BEGIN Source information

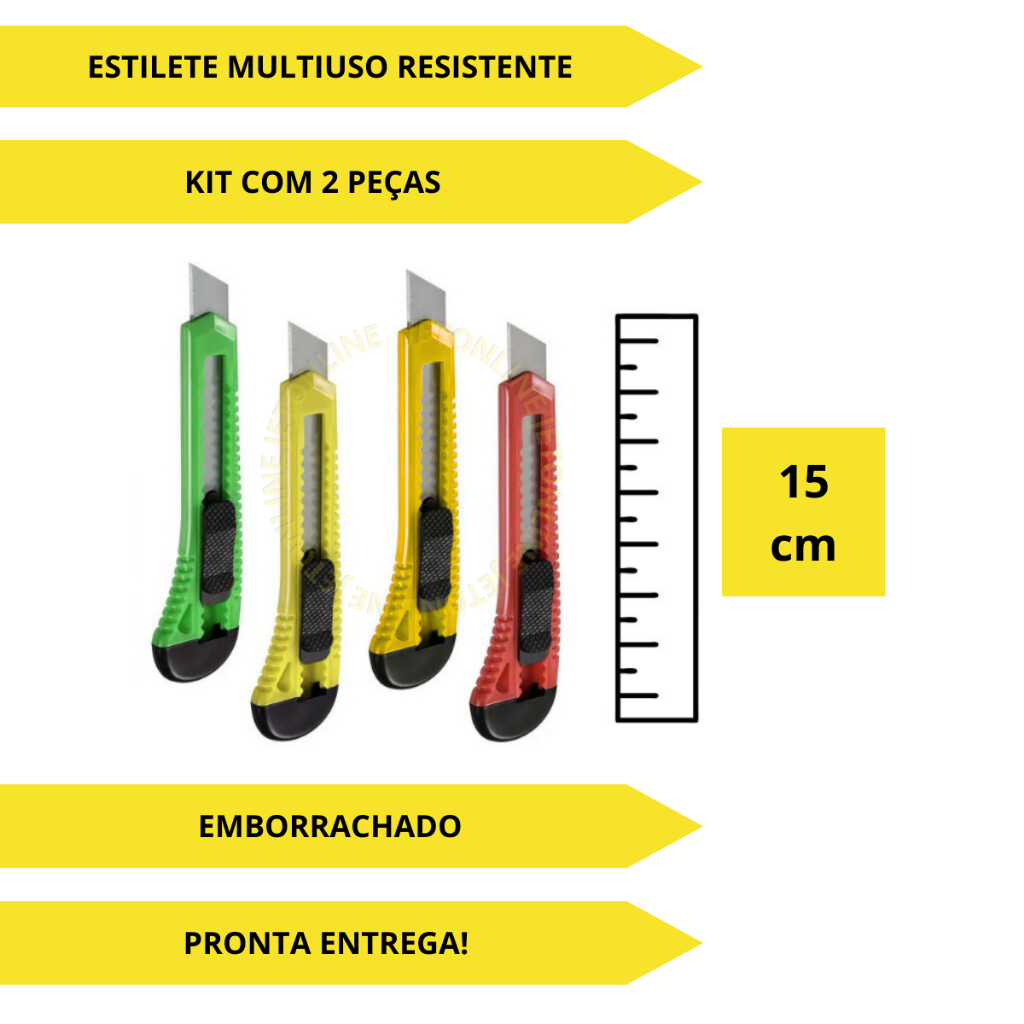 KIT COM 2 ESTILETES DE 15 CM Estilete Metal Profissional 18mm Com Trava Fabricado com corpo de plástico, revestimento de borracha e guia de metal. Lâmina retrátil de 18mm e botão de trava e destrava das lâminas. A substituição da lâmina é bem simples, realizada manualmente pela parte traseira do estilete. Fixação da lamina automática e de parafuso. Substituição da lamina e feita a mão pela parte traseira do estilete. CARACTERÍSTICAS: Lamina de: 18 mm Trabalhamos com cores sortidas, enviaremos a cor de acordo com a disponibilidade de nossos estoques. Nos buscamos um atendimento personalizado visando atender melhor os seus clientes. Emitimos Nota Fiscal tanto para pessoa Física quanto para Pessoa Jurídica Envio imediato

END Source information
BEGIN Source information

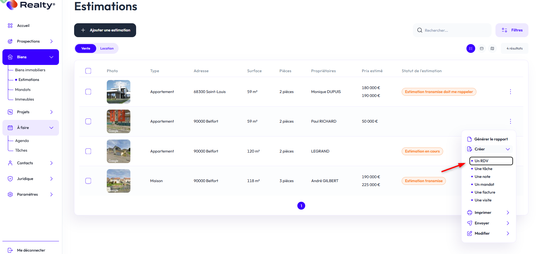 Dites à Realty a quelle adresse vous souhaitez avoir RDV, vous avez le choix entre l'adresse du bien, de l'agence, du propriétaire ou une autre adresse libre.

END Source information
BEGIN Source information

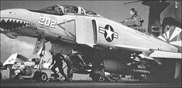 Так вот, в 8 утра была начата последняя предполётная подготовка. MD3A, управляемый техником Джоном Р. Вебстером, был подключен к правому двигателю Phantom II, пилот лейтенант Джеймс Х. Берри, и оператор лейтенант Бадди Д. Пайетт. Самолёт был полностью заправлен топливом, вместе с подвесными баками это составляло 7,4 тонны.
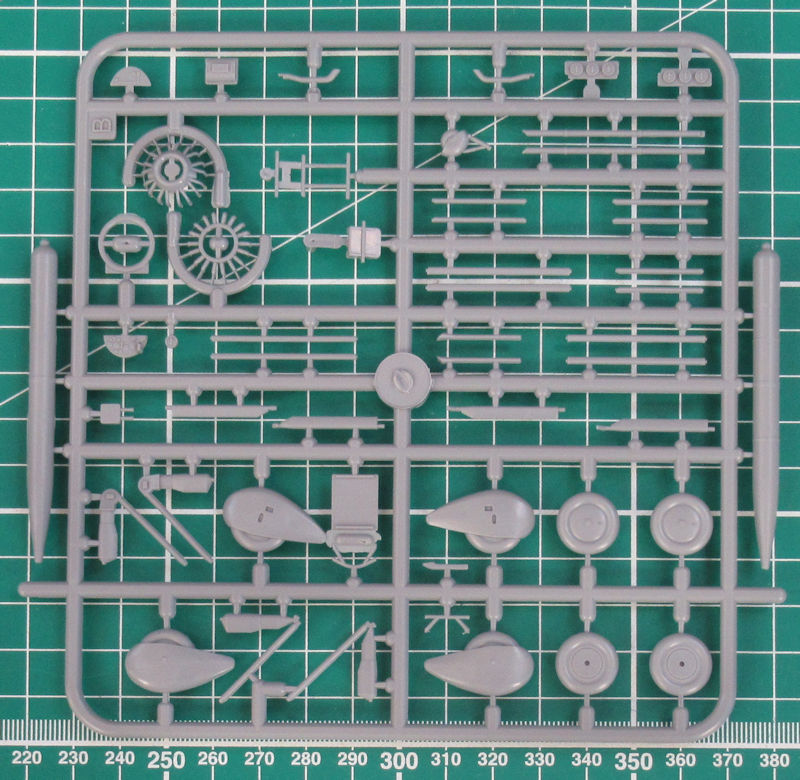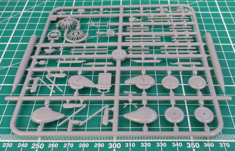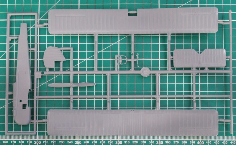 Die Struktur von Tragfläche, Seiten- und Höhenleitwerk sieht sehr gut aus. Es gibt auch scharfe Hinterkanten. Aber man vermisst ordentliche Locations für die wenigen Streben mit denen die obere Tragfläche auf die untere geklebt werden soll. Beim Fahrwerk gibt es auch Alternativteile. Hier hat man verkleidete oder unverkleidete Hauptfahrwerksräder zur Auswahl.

END Source information

**Required action:** Return the material from the line containing "Так вот, в 8" through the line containing "Die Struktur von", exactly and in full, but without its pictures.

**Written answer:**
 Так вот, в 8 утра была начата последняя предполётная подготовка. MD3A, управляемый техником Джоном Р. Вебстером, был подключен к правому двигателю Phantom II, пилот лейтенант Джеймс Х. Берри, и оператор лейтенант Бадди Д. Пайетт. Самолёт был полностью заправлен топливом, вместе с подвесными баками это составляло 7,4 тонны.
 Die Struktur von Tragfläche, Seiten- und Höhenleitwerk sieht sehr gut aus. Es gibt auch scharfe Hinterkanten. Aber man vermisst ordentliche Locations für die wenigen Streben mit denen die obere Tragfläche auf die untere geklebt werden soll. Beim Fahrwerk gibt es auch Alternativteile. Hier hat man verkleidete oder unverkleidete Hauptfahrwerksräder zur Auswahl.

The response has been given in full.